Received 20 May 2013; Accepted 18 June 2013

Academic Editors: J.-M. Bart and M. Pourshafie

Copyright © 2013 Renata Mírian Nunes Eleutério et al. This is an open access article distributed under the Creative Commons Attribution License, which permits unrestricted use, distribution, and reproduction in any medium, provided the original work is properly cited.

Abstract

Sexually transmitted diseases (STDs) are common worldwide, with especially alarming numbers in Brazil. Among the most common infections is human papillomavirus (HPV). The possibility of the nonsexual transmission of HPV is not well defined and is the subject of debate. This study aimed to identify the prevalence of HPV in adolescents with no history of sexual intercourse compared with a group of similar age with sexual activity. 100 adolescents were evaluated with at least two years after menarche, who attended from January 2007 to January 2009 at the University Hospital Pedro Ernesto, Rio de Janeiro, Brazil. Among the adolescents, 50 had intact hymen and 50 reported regular sexual activity. For patients without sexual intercourse (group 1) we collected material from vestibule and for patients with sexual activity (group 2) we collected material from vagina and endocervix. The search for HPV-DNA 2nd generation hybrid capture (hC2) was performed. In group 1 the test was positive in 3 cases (6%). In the second group, 33 cases (66%) were positive for at least one site. The positivity in girls with sexual activity is high. On the other hand, the HPV infection, although rare, may occur in girls without sexual intercourse.

1. Introduction

Sexually transmitted diseases (STDs) are common worldwide, with especially alarming numbers in Brazil. Among the most common infections is human papillomavirus (HPV), which has been shown to be associated with genital and anal neoplasms [1]. There are over 100 types of HPV that have been identified, and more than 40 types infect the genital tract [2].
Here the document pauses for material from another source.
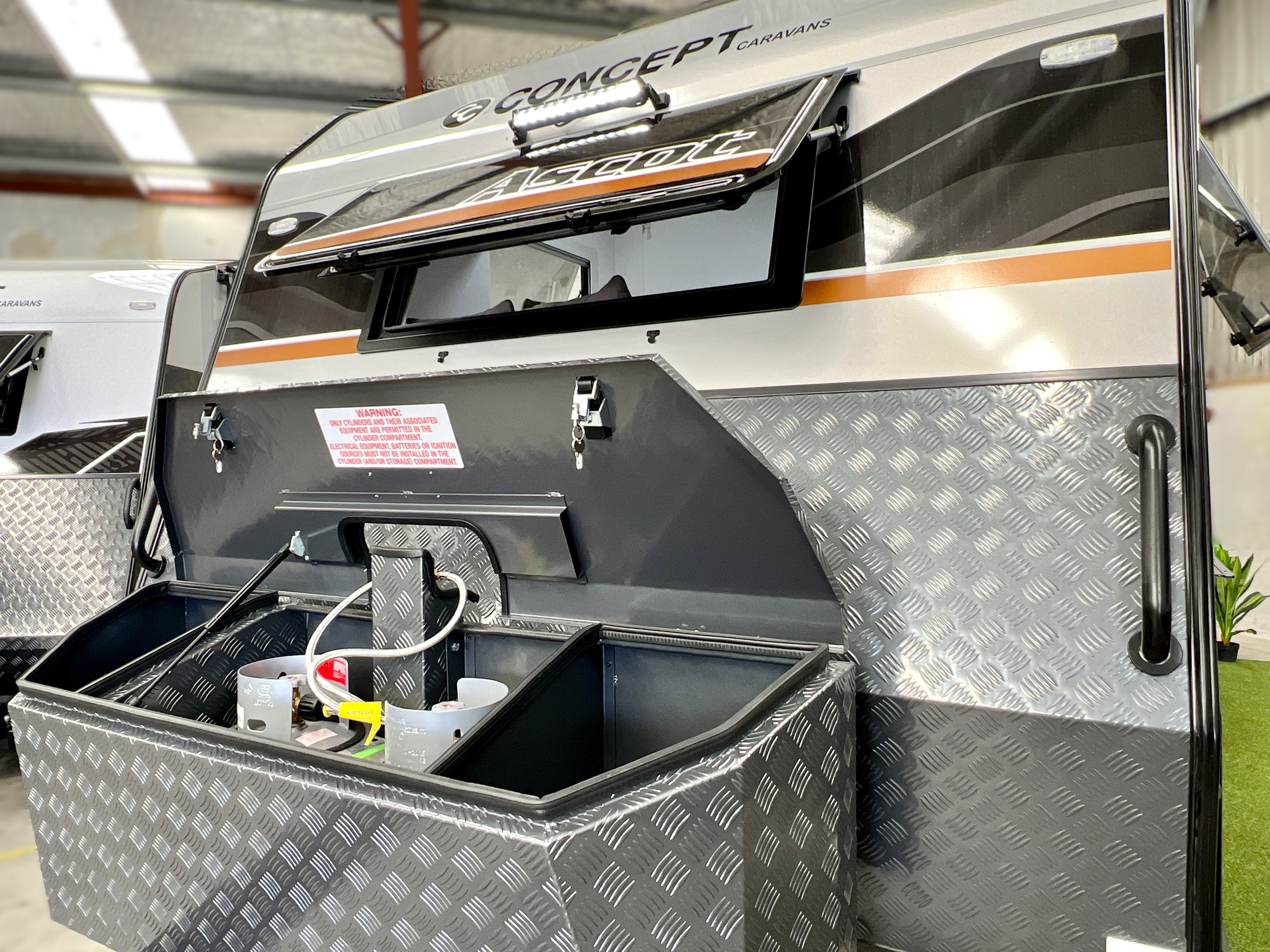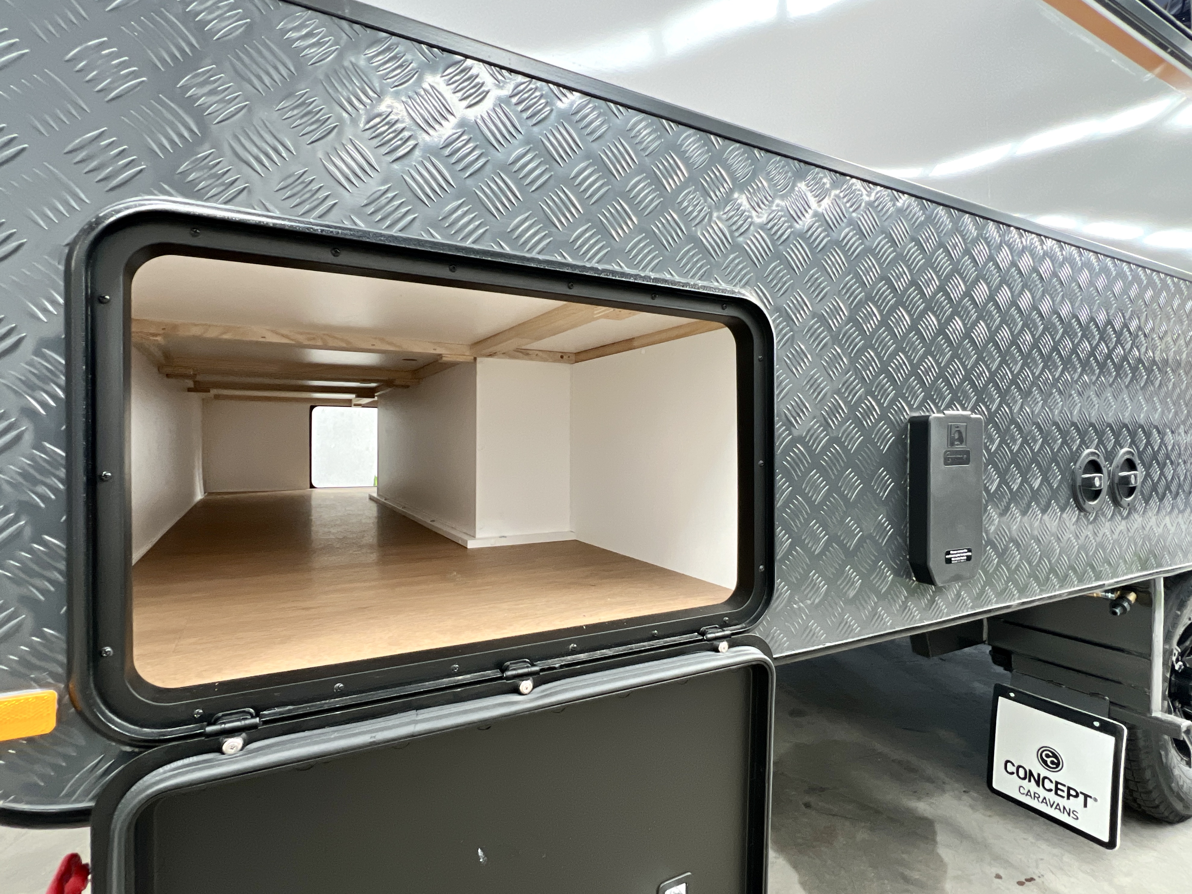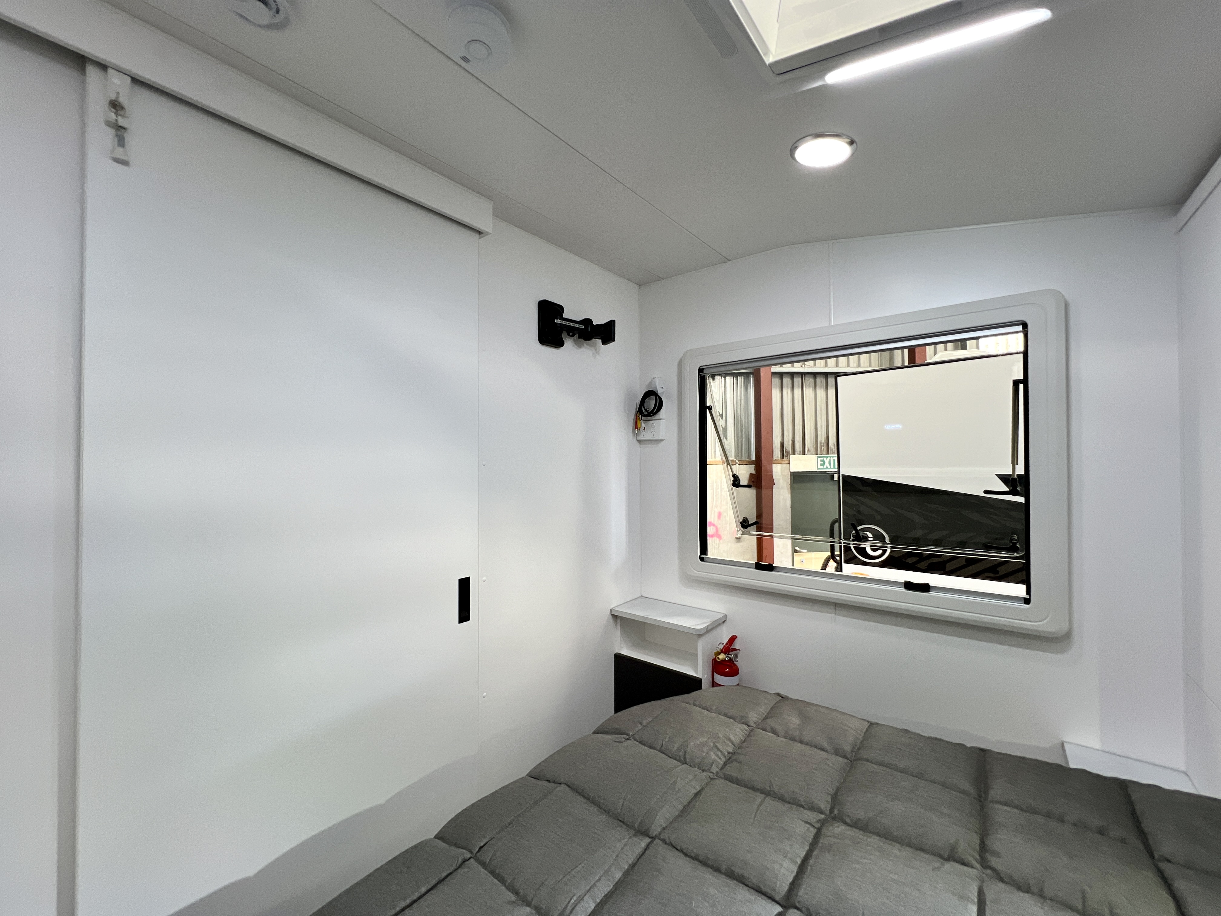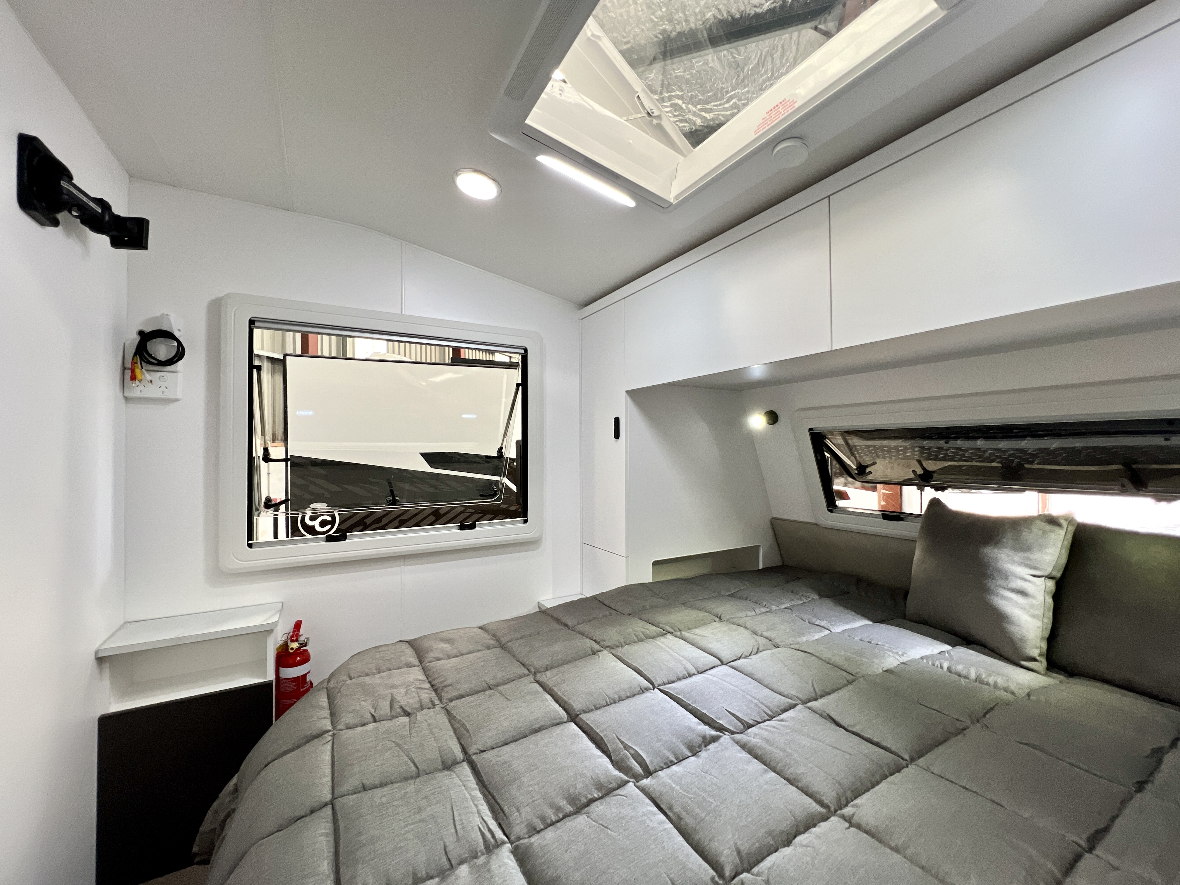 - Personal storage compartment to bedside with 12v USB A/C combo sockets and power points

Global estimates indicate that approximately 20% of asymptomatic individuals and individuals with normal cytology and colposcopy examinations are infected with HPV [3, 4]. Despite their high prevalence, many infections are transient (60%). These infections usually last for an average duration of 8 to 10 months. However, persistent infections are found in 5% to 10% of women 35 years of age or older, which are associated with an increased risk of intraepithelial lesions [5].

In clinical practice, there are many questions regarding the possibility of reactivation of latent HPV and the subsequent formation of clinical or subclinical lesions. Moreover, puberty is a period in which disease can appear due to the physiological changes that occur at this stage that may predispose individuals to infection and, eventually, epithelial lesion [2, 5].

The possibility of the nonsexual transmission of HPV is not well defined and is the subject of debate. There has been a discussion about laryngeal papillomas and perinatal transmission [69], as well as transmission via the placenta and umbilical cord [10]. In head and neck cancers, some authors have considered the perinatal route of HPV transmission and discussed the possible role of HPV in the development of these cancers [11]. In addition, transmission via fomites is suspect in reported cases of nonsexual transmission. Some reports demonstrated that HPV may maintain infectivity at room temperature and even when desiccated. This virus also was found on objects used for treatment of HPV lesions [12, 13].

The objective of this study was to identify the prevalence of HPV-DNA in nonsexually active adolescents who had an intact hymen upon clinical examination compared to sexually active adolescents.

2. Methods

A cross-sectional study was made from January 2007 to January 2009 in which we evaluated 100 patients aged 11–20 years who had their menarche at least 2 years previously. These patients attended at the outpatient gynecology clinic for children and adolescents at the University Hospital Pedro Ernesto (State University of Rio de Janeiro, Brazil). The patients were divided into two groups. The first one (group 1) consisted of 50 patients who reported not having had sexual intercourse and who had an intact hymen upon physical examination performed by an experienced gynecologist. After collecting sociodemographic data, vestibular samples were taken from these patients using a specific swab and placed into collection tubes to preserve the samples in specimen transportation medium [STM] (HC2; Qiagen, Gaithersburg, MD, USA).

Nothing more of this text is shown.